Um estudo recente da empresa de serviços financeiros Visa indica que os suecos usam seus cartões com uma frequência três vezes maior do que a maioria dos europeus.
Novas tecnologias e aplicativos de pagamento via celular também vêm sendo desenvolvidos com rapidez colossal. Entre as novidades mais recentes está o aplicativo Swish, que acabou criando um novo verbo na língua sueca: “swishar”, que significa transferir dinheiro via celular.

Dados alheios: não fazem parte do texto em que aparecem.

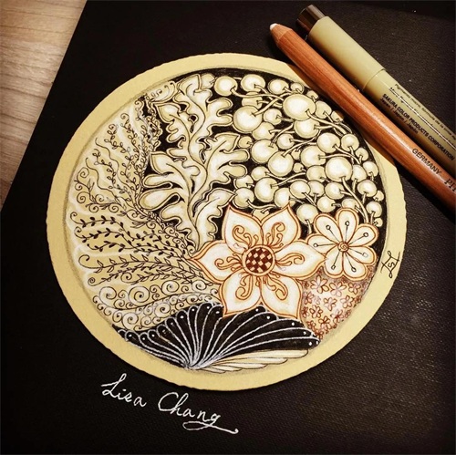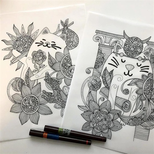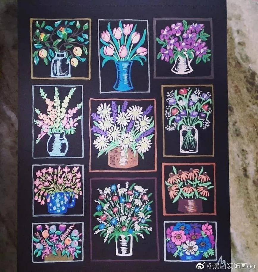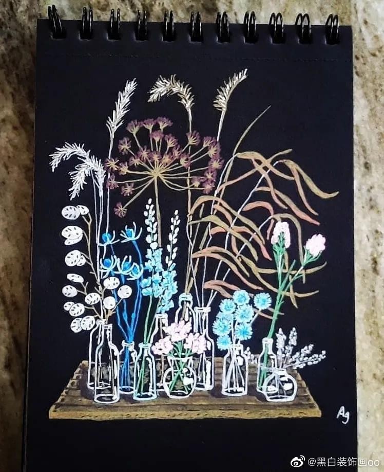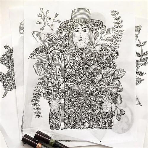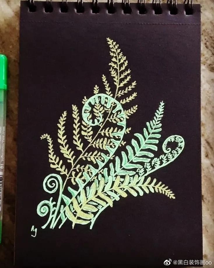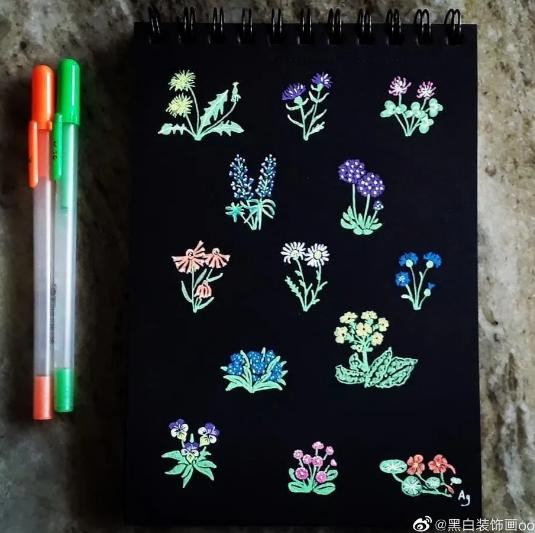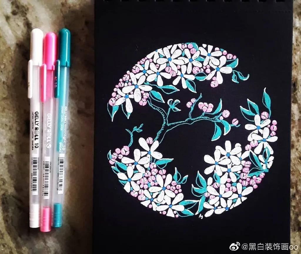 作画方式:由于彩色笔跟黑色卡纸形成颜色的反差,所以很多插画师,喜欢用彩色笔、白色樱花高光笔勾线上色。

Para “swishar” dinheiro para outro usuário, basta digitar no celular o número de telefone da pessoa ou empresa a quem deseja transferir uma quantia, seguido por um código de segurança. A transação se dá em tempo real: em questão de segundos, pisca no celular de quem recebeu o dinheiro a mensagem de que a quantia entrou em sua conta bancária.

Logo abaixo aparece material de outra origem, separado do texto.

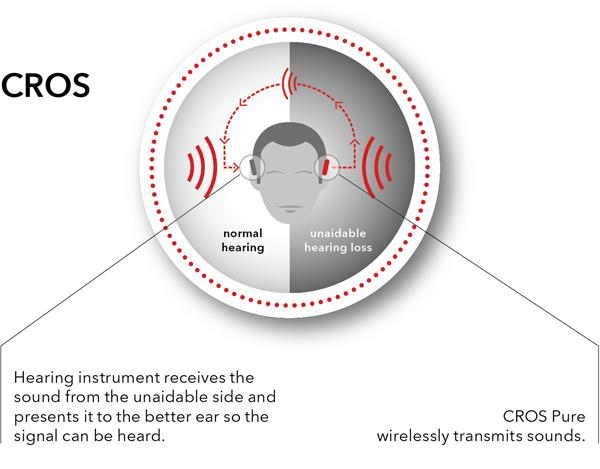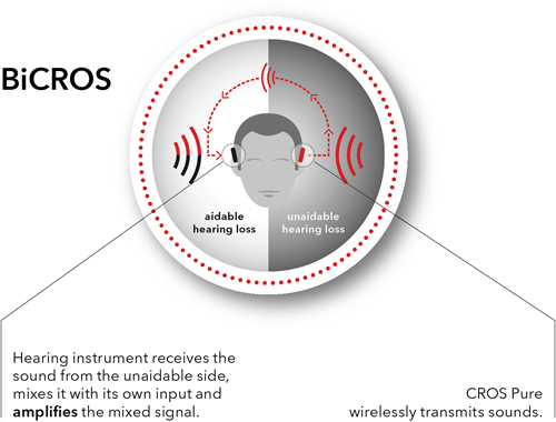 Of course, a binaural solution only work if you have hearing loss that can be reasonably improved by wearing hearing aids in both ears. That’s not always the case, as some people have uncorrectable hearing loss (or are totally deaf) in one ear. But even if you have unaidable hearing loss on one side, primax technology can help through use of a CROS/BiCROS wireless solution. For those who have normal hearing in one ear but cannot hear well (or at all) out of the other, a CROS Pure® device is worn on the unaidable ear and its microphones receive sounds coming from that side. It then processes these sounds for directionality and transmits them wirelessly to the hearing aid worn in the normal-hearing ear to be heard and understood, without adding amplification. Meanwhile, those who have unaidable hearing loss in one ear and hearing loss that responds to a hearing aid in the other, the BiCROS solution similarly transmits sounds from the unaidable side into the functioning hearing aid, which mixes them with sounds coming from its side, producing a suitably amplified and clarified signal that is then heard in the aidable ear.

O sistema Swish foi implementado nos seis maiores bancos da Suécia, como um método rápido e simples de transferência de dinheiro entre pessoas e empresas.
O avanço tecnológico é apontado como uma das razões que explicam a liderança da Suécia no movimento em direção à cashless society:
“Os bancos e o comércio investiram maciçamente em sistemas de pagamentos eletrônicos na Suécia a partir da década de 90, e hoje em dia os consumidores estão acostumados a usá-los”, diz Niklas Arvidsson, professor de Dinâmica Industrial do Real Instituto de Tecnologia da Suécia (KTH).
E os principais bancos da Suécia vêm simplesmente parando de lidar com dinheiro: cerca de 75% de suas agências já operam sem dinheiro – com a única exceção do Svenska Handelsbanken.
Ladrões de banco vão se tornando, assim, personagens do passado. O número de roubos a agências bancárias vem atingindo o índice mais baixo dos últimos 30 anos, segundo a Associação dos Bancos sueca. Em 2014, de acordo com relatório publicado na página oficial na internet do Conselho Nacional Sueco para a Prevenção do Crime (Brottsförebyggande rådet – Brå), foram registrados no total 23 assaltos a banco no país.
Para os bancos, as vantagens de uma futura sociedade sem dinheiro são evidentes. Em primeiro lugar, ela traria mais segurança para funcionários e clientes. E também eliminaria os altos custos de gerenciamento e transporte de dinheiro, estimados em cerca de 8,7 bilhões de coroas suecas – o equivalente a 0.3% do PIB sueco.
Para os críticos da tendência, o aumento das transações digitais também representa o crescimento potencial de fraudes e riscos de segurança bancária, além do fato de que idosos e outros segmentos da sociedade têm acesso limitado a opções de pagamento eletrônico.
A associação nacional dos aposentados suecos (Pensionärernas riksförbund – PRO) está preocupada com o ritmo da transformação.
“Isso está acontecendo a uma velocidade furiosa”, disse na reportagem da rádio sueca a presidente da associação, Christina Tallberg. “E é importante para muitos idosos ter o direito de continuar a usar o dinheiro de papel, assim como para novos residentes do país, imigrantes e muitos outros que têm dificuldades para utilizar cartões”.
Mas apesar de a Suécia ter lançado no ano passado uma nova coleção de cédulas, que inclui a efígie da atriz sueca Greta Garbo na nota de cem coroas, o fim do dinheiro parece um caminho sem volta.
“Voltar aos tempos do dinheiro de papel não é uma alternativa na Suécia. Fora de questão”, diz Bengt Nilervall.
“Se eu acredito que a Suécia não terá no futuro nenhum dinheiro em circulação? Bem, não. Mas com certeza o uso do dinheiro será drasticamente reduzido.”
Em 1661, as primeiras cédulas de papel da Europa foram introduzidas pelo Stockholms Banco, o embrião do Banco Central da Suécia. Agora, ironicamente, os suecos vão se tornando os primeiros do mundo a desprezar o dinheiro vivo.